__Records supplied__.
-------

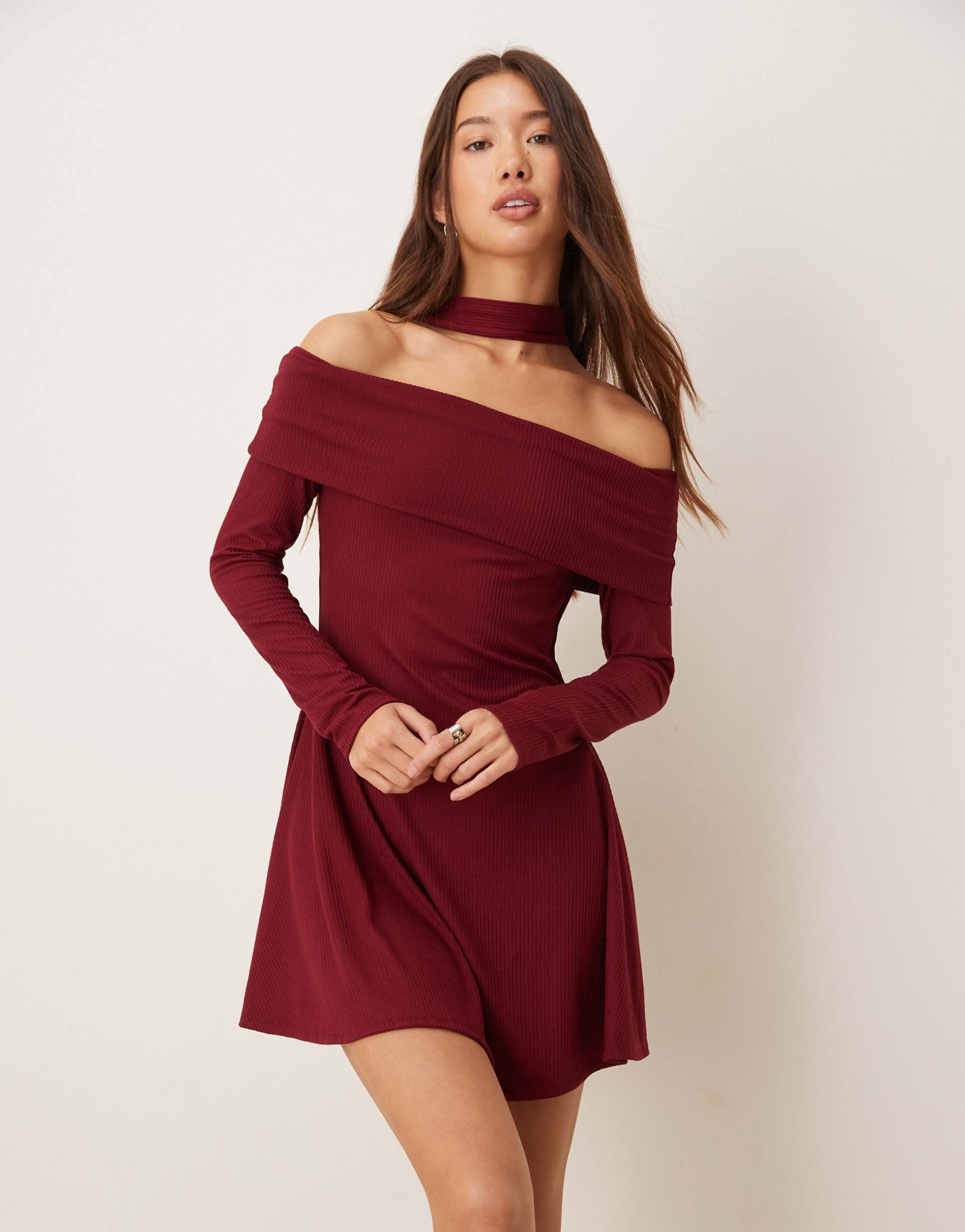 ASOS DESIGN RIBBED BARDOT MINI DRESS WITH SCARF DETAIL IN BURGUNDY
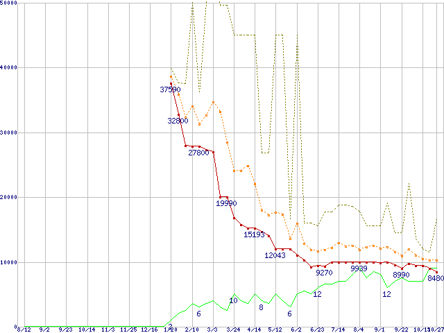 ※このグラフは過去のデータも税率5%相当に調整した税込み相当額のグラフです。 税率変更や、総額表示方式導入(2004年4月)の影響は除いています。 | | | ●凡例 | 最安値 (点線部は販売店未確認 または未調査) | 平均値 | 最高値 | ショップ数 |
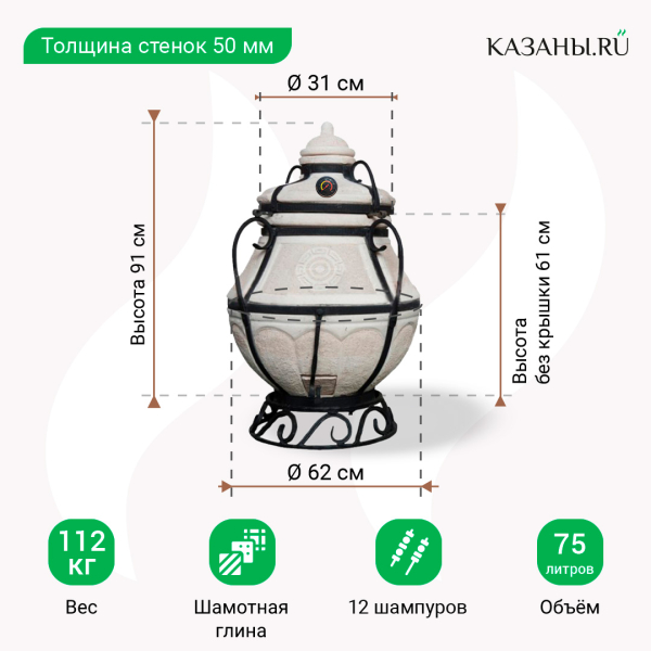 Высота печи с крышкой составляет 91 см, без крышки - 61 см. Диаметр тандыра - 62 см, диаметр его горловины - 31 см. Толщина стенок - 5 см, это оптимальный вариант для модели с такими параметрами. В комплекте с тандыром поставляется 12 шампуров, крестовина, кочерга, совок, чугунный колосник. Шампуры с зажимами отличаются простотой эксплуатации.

-------

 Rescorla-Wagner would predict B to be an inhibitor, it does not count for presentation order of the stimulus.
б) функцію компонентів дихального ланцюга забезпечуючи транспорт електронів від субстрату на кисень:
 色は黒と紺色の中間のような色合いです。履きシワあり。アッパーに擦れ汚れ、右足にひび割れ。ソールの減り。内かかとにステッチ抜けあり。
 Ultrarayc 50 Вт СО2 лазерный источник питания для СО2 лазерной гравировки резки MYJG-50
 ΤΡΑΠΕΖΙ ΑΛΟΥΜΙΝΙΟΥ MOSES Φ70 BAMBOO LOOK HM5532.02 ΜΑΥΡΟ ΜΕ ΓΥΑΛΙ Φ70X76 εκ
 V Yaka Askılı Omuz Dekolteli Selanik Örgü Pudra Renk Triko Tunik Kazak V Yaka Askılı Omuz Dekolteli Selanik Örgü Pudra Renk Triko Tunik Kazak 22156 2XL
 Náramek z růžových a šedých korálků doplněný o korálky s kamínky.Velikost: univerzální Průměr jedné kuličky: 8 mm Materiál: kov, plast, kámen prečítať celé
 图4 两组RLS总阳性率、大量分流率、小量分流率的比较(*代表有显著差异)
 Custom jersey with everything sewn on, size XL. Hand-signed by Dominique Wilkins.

-------

__Task directions__. Take the entries above and copy exactly the lines starting at the one with "ASOS DESIGN RIBBED" and ending at the one with "最高値 | ショップ数 |"; nothing outside that span, and no pictures.

__Response__.
 ASOS DESIGN RIBBED BARDOT MINI DRESS WITH SCARF DETAIL IN BURGUNDY
 ※このグラフは過去のデータも税率5%相当に調整した税込み相当額のグラフです。 税率変更や、総額表示方式導入(2004年4月)の影響は除いています。 | | | ●凡例 | 最安値 (点線部は販売店未確認 または未調査) | 平均値 | 最高値 | ショップ数 |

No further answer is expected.